A QC will be appointed by ‘letters patent’. Although we’ve never seen one (any QC out there is welcome to scan and send us a copy), these seem to be for life. With many honours, there is a caveat when the honour is granted that “cancel and annul” it and there is an Honour’s Forfeiture Committee that meets occasionally to do so. There have been twenty or so people stripped of them this way.

The title of QC however is not the same as an honour (and is appointed differently) and so this would not apply. The Queen can sack someone from the Privy Council (it happened to Elliot Morely* after the expenses scandal and would presumably have happened to Chris Huhne had he not voluntarily resigned). Again however, the situation with the Privy Council is different.

Letters patent can be void if the Queen has been misled, but it is not clear whether an individual grant can be discharged by the Queen, or by a subsequent Order.

There is undoubtedly someone out there will know the answer in an instant, so feel free to get in touch. We would suggest, however, the Mr Pershad will still be able to use the letters QC after his name, but may feel that it’s probably not appropriate. As we’ve said above, he won’t be practicing as a lawyer any time soon, if ever again.

Postscript

Since this was published, Kyle McDonald, an Australian barrister got in touch to tell us of the case of Marcus Einfeld, an Australian QC who was disbarred and stripped of his title after pleading guilty to two offences of perjury and perverting the course of justice (the perjury being lying on oath about who was driving his car in order to avoid a potential speeding ban – obviously, that would never happen in this country!).
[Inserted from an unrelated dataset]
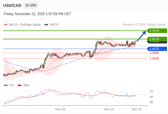 在 1.4075 之上,看涨,目标价位为 1.4110 ,然后为 1.4140 。

He was not only a silk, but had been made a Judge (although he had retired by the time of his conviction). The sentencing hearing is here.
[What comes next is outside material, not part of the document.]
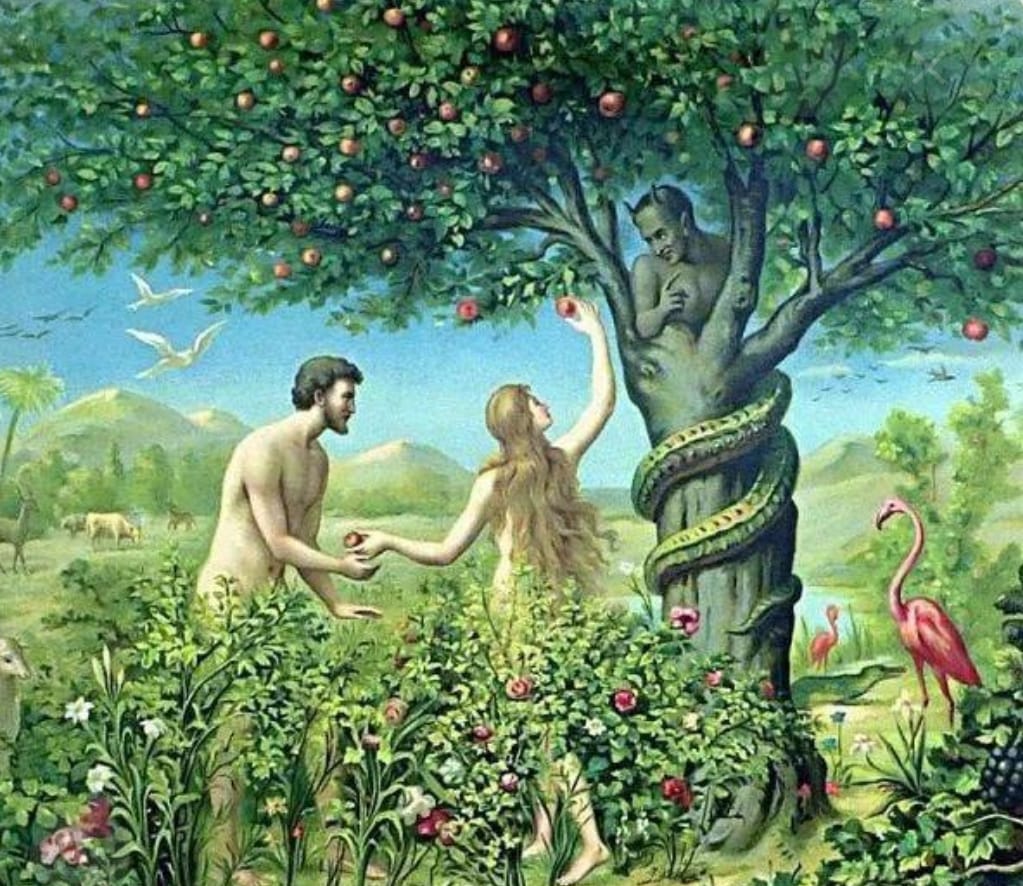 一天,「夏娃」在園中散步,蛇低聲對「夏娃」說:「上帝真的說過,你們不可以吃園中任何一棵樹上的果子嗎?」「夏娃」回答說:「我們可以吃園中樹上的果子,但只有園中那棵樹,上帝曾經說:「你們不可以吃那棵樹的果子,也不可以摸,否則你們便因此而死。」夏娃甚至把上帝沒有說過「也不可以摸」的話自已加添上去。

It seems that the Governor of New South Wales revoked the letters patent that appointed Mr Einfeld a QC on 26th November 2009. Prior to this, Mr Einfeld was (unsurprisingly) struck off by the Supreme Court of New South Wales (Re Einfeld [2009] NSWCA 255 – order made on 23rd July 2009). No mention is made there of the ability of the Court to regulate his ‘commission’ as a QC. The sentencing appeal confirms that this is what happened. I’ve not been able to find the order of the Governor so as to see if it has a statutory basis, or how exactly it was achieved.

There appears to be two other Australian QC who have met the same fate – Clarrie Stevens QC, who had failed to pay 19 years worth of tax, and John Cummins QC, who lost his due to failing to file a tax return for an impressive 45 years (what is it with QCs and tax?).

Mr McDonald also pointed us to the Australian case of Marks v Commonwealth [1964] HCA 45. This deals with the ability of a soldier to resign his commission. The position of such a person is different to that of a QC, but is worth reading.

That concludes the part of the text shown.